*Problem to solve*
Images in the records should be skipped while the rest is transcribed verbatim.

*Data*
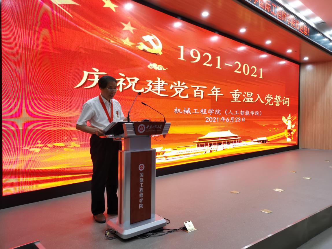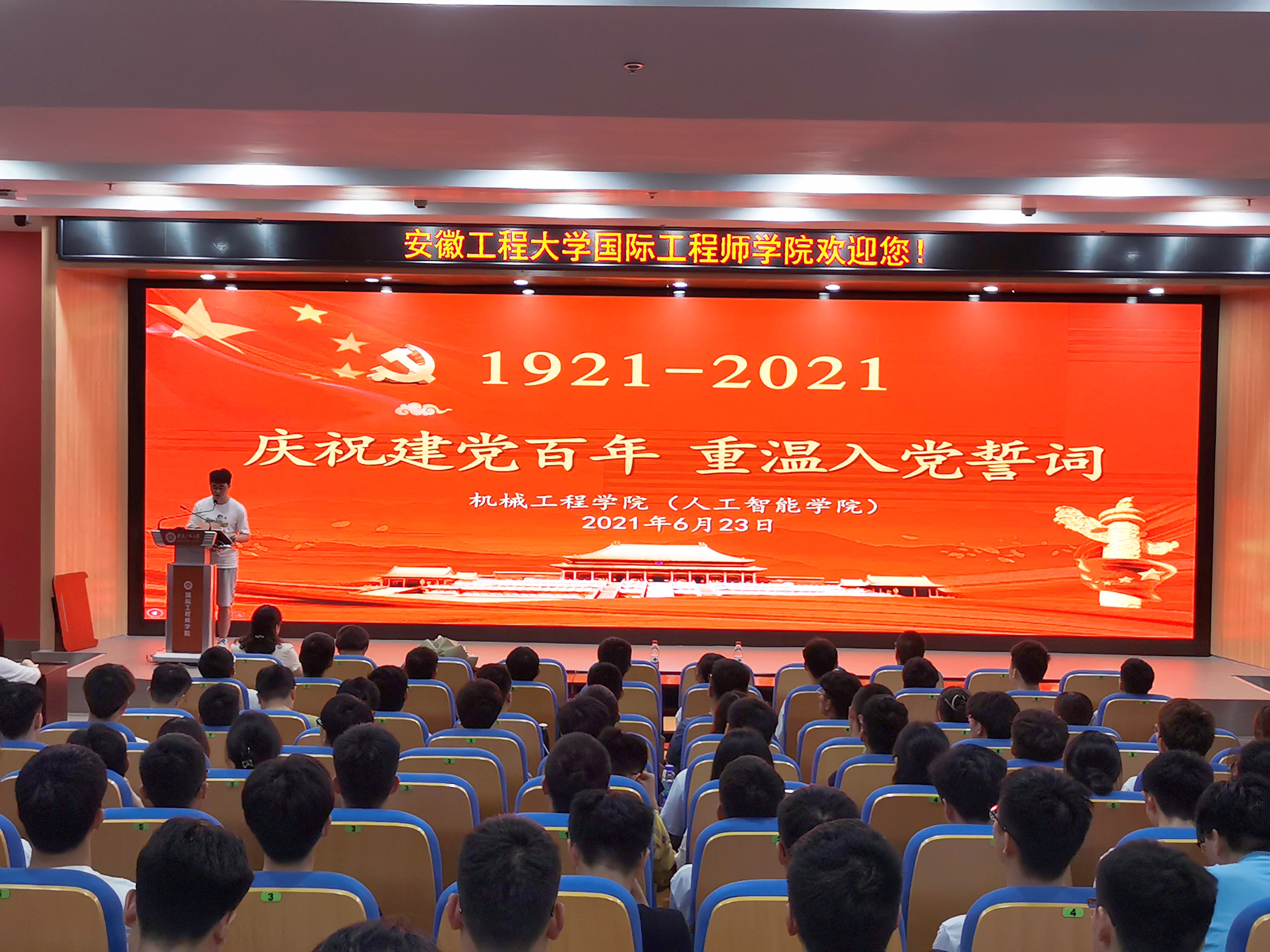 本网讯 为庆祝中国共产党成立100周年,深入推进党史学习教育,6月23日下午,机械工程学院(人工智能学院)在国际工程师学院大报告厅举行“庆祝建党百年,重温入党誓词”主题党日活动。学院党委副书记李文江、教师党员代表、2018和2019级全体学生党员以及研究生支部党员代表参加党日活动,活动特别邀请离退休党委苏自林老师参加。活动由学生支部书记王海燕主持。
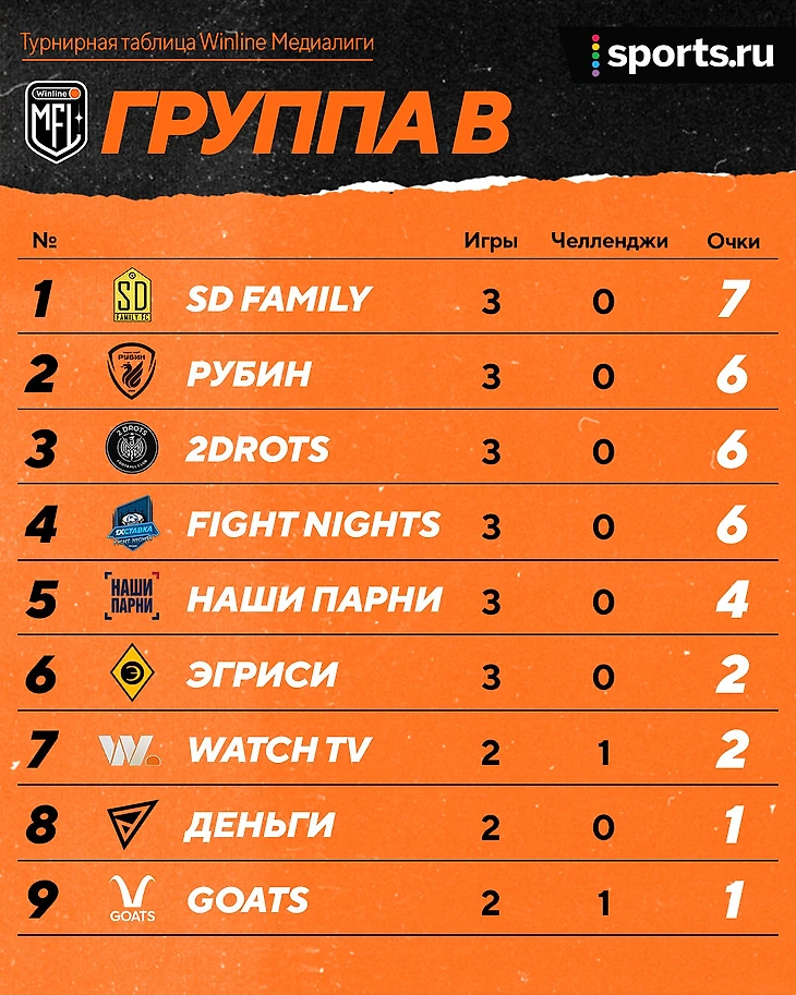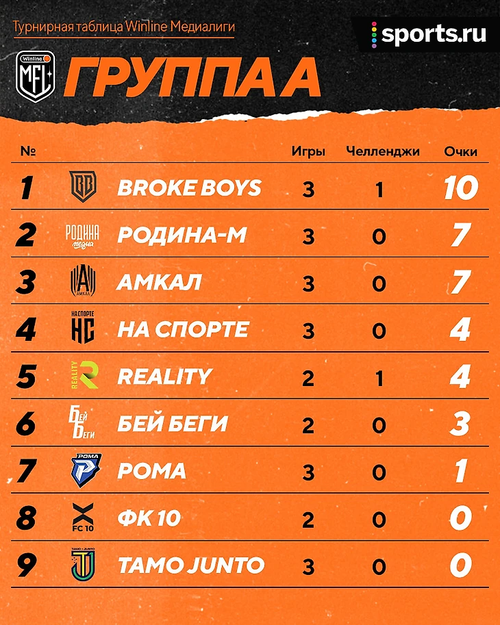 Турнирная таблица Медиалиги. «Броуки» лидируют в группе A без потерь, SD Family – первые в группе B
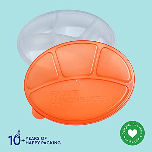 EasyLunchboxes® – Oval Lunch Boxes – Reusable 4-Compartment Food Containers for Work, Travel and Meal Prep, Set of 4, (Classic)
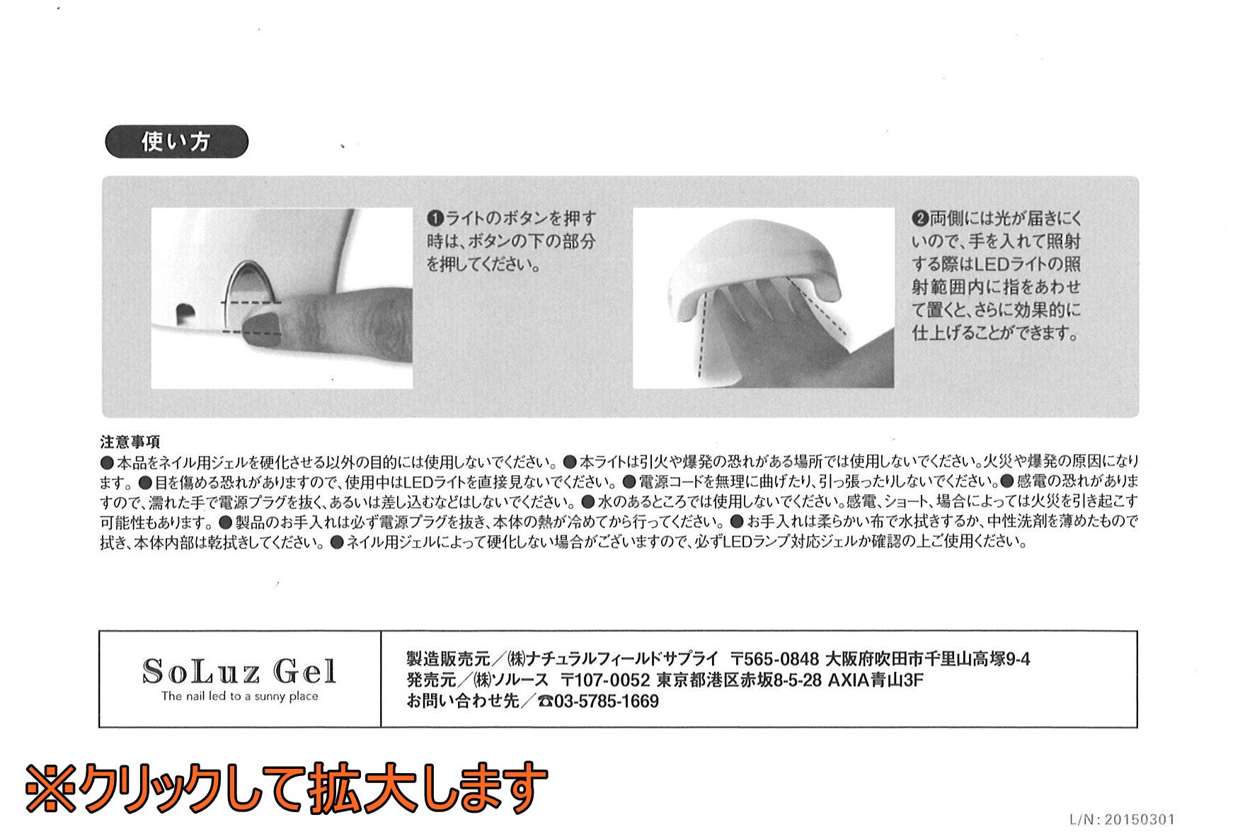 ▼以下は、上記に写真を掲載した、SoLuzGel(ソルースジェル)の本体説明書/裏面(2)に書かれている文章と同じです▼
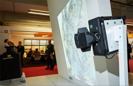 Projection公司在ISE的展位上,新型固態(tài)光源無燈泡投影機進行了重點展示,豎屏模式朝上投影的投影機更加彰顯激光投影機特有的靈活性,吸引眾多觀眾目光。
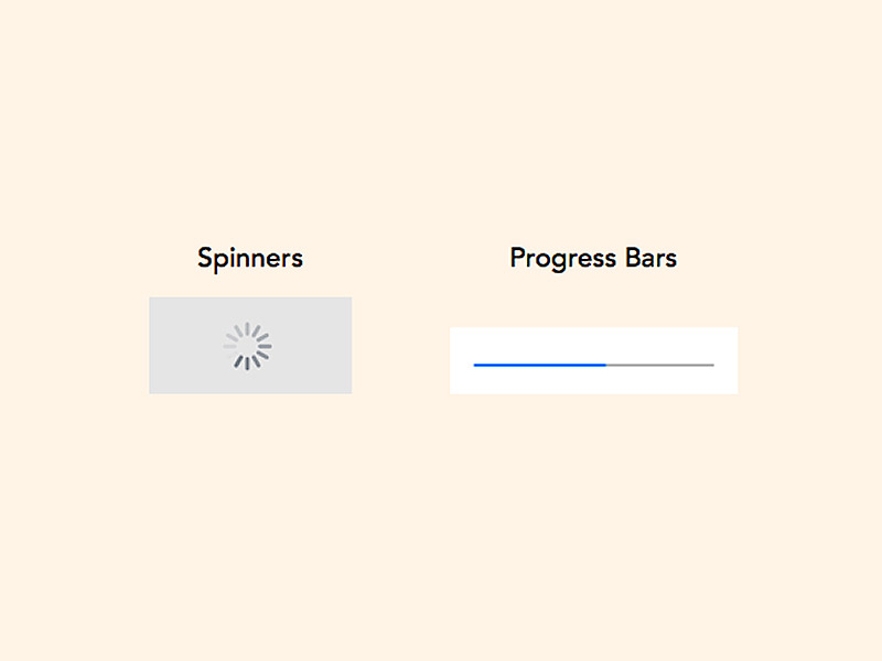 お店で誰かに商品の場所を尋ねたとして、その相手がただそこに立ったままだったとしたらどう思うでしょうか。きっとイライラして、その場を立ち去りますよね。同じように、ユーザーは長い間スクリーン上のスピナー(通信やローディング時にくるくる回るアニメーション表示の)を見ていると、このような心理状況に陥ります。 スピナーは時間のかかる処理には適さない スピナーは、その処理が終わるまでどのくらいの時間を要するの……

*Exercise response*
 本网讯 为庆祝中国共产党成立100周年,深入推进党史学习教育,6月23日下午,机械工程学院(人工智能学院)在国际工程师学院大报告厅举行“庆祝建党百年,重温入党誓词”主题党日活动。学院党委副书记李文江、教师党员代表、2018和2019级全体学生党员以及研究生支部党员代表参加党日活动,活动特别邀请离退休党委苏自林老师参加。活动由学生支部书记王海燕主持。
 Турнирная таблица Медиалиги. «Броуки» лидируют в группе A без потерь, SD Family – первые в группе B
 EasyLunchboxes® – Oval Lunch Boxes – Reusable 4-Compartment Food Containers for Work, Travel and Meal Prep, Set of 4, (Classic)
 ▼以下は、上記に写真を掲載した、SoLuzGel(ソルースジェル)の本体説明書/裏面(2)に書かれている文章と同じです▼
 Projection公司在ISE的展位上,新型固態(tài)光源無燈泡投影機進行了重點展示,豎屏模式朝上投影的投影機更加彰顯激光投影機特有的靈活性,吸引眾多觀眾目光。
 お店で誰かに商品の場所を尋ねたとして、その相手がただそこに立ったままだったとしたらどう思うでしょうか。きっとイライラして、その場を立ち去りますよね。同じように、ユーザーは長い間スクリーン上のスピナー(通信やローディング時にくるくる回るアニメーション表示の)を見ていると、このような心理状況に陥ります。 スピナーは時間のかかる処理には適さない スピナーは、その処理が終わるまでどのくらいの時間を要するの……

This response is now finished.